Problem to solve.
Could you transcribe every entry below exactly, leaving out the pictures?

Information supplied.

┄┄┄┄┄┄┄┄┄┄

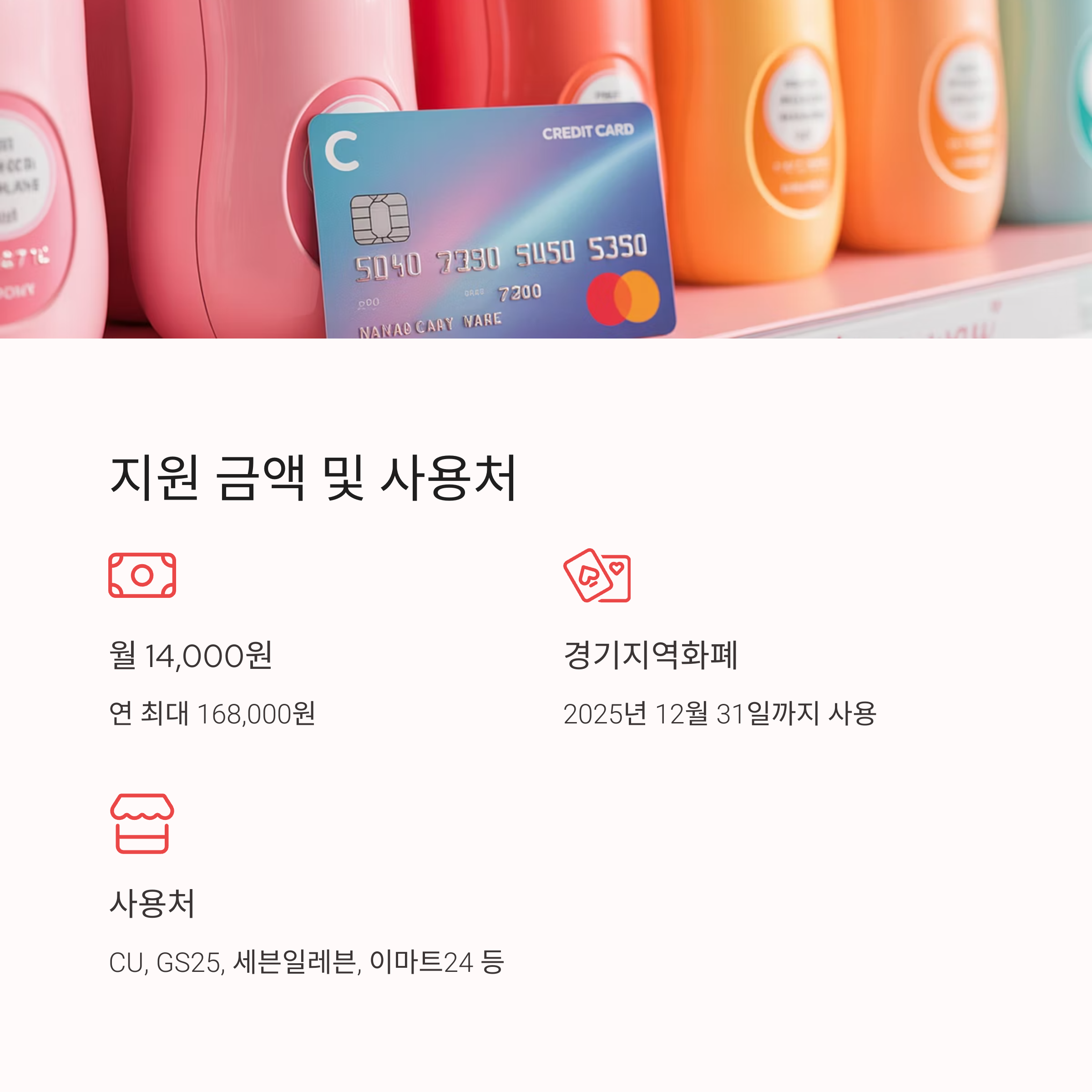 매달 14,000원이 경기지역화폐로 지급됩니다. 연 최대 168,000원까지!
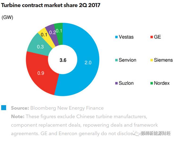 2017年第二季度共簽署總裝機(jī)容量達(dá)3.6GW的風(fēng)電合同
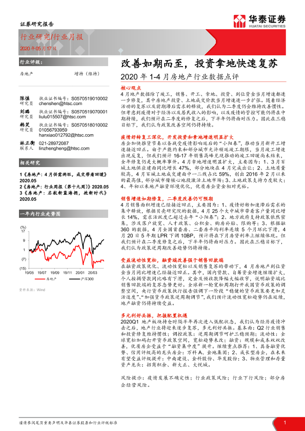 【华泰证券】【20200517】2020年1-4月房地产行业数据点评:改善如期而至,投资拿地快速复苏-11页
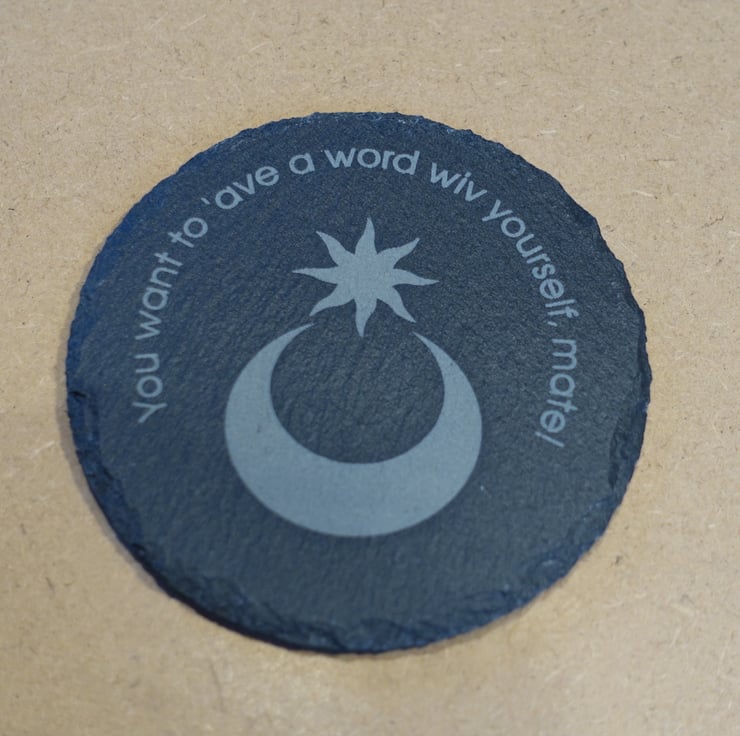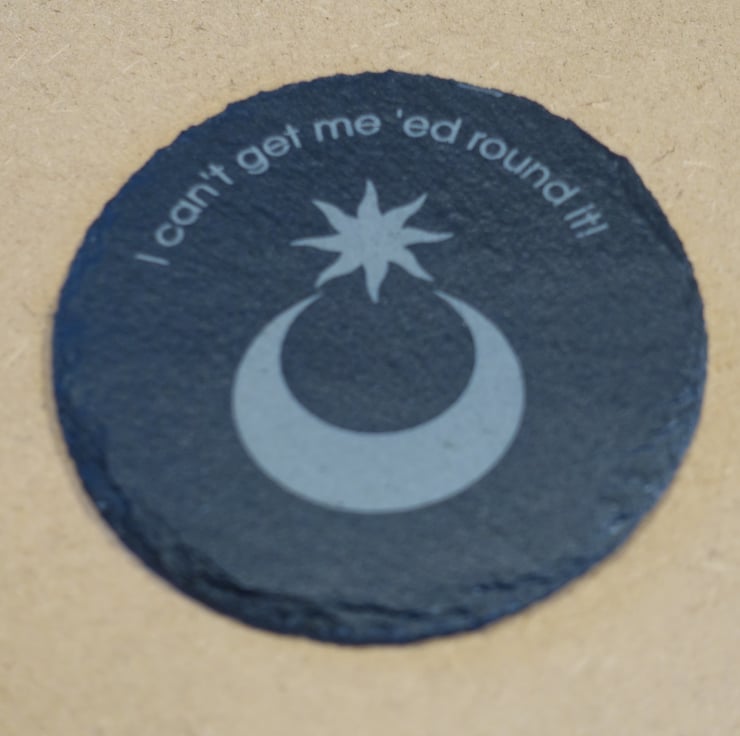 The slate is approximately 100mm diameter with the engraving approximately 90mm.
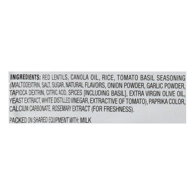 INGREDIENTS: Red Lentils, Canola Oil, Rice, Tomato Basil Seasoning (Maltodextrin, Salt, Sugar, Natural Flavors, Onion Powder, Garlic Powder, Tapioca Dextrin, Citric Acid, Spices (Including Basil], Extra Virgin Olive Oil, Yeast Extract White Distilled Vinegar, Extractive of Tomato), Paprika Color, Calcium Carbonate, Rosemary Extract (for Freshness).

┄┄┄┄┄┄┄┄┄┄

Solution for this exercise.
 매달 14,000원이 경기지역화폐로 지급됩니다. 연 최대 168,000원까지!
 2017年第二季度共簽署總裝機(jī)容量達(dá)3.6GW的風(fēng)電合同
 【华泰证券】【20200517】2020年1-4月房地产行业数据点评:改善如期而至,投资拿地快速复苏-11页
 The slate is approximately 100mm diameter with the engraving approximately 90mm.
 INGREDIENTS: Red Lentils, Canola Oil, Rice, Tomato Basil Seasoning (Maltodextrin, Salt, Sugar, Natural Flavors, Onion Powder, Garlic Powder, Tapioca Dextrin, Citric Acid, Spices (Including Basil], Extra Virgin Olive Oil, Yeast Extract White Distilled Vinegar, Extractive of Tomato), Paprika Color, Calcium Carbonate, Rosemary Extract (for Freshness).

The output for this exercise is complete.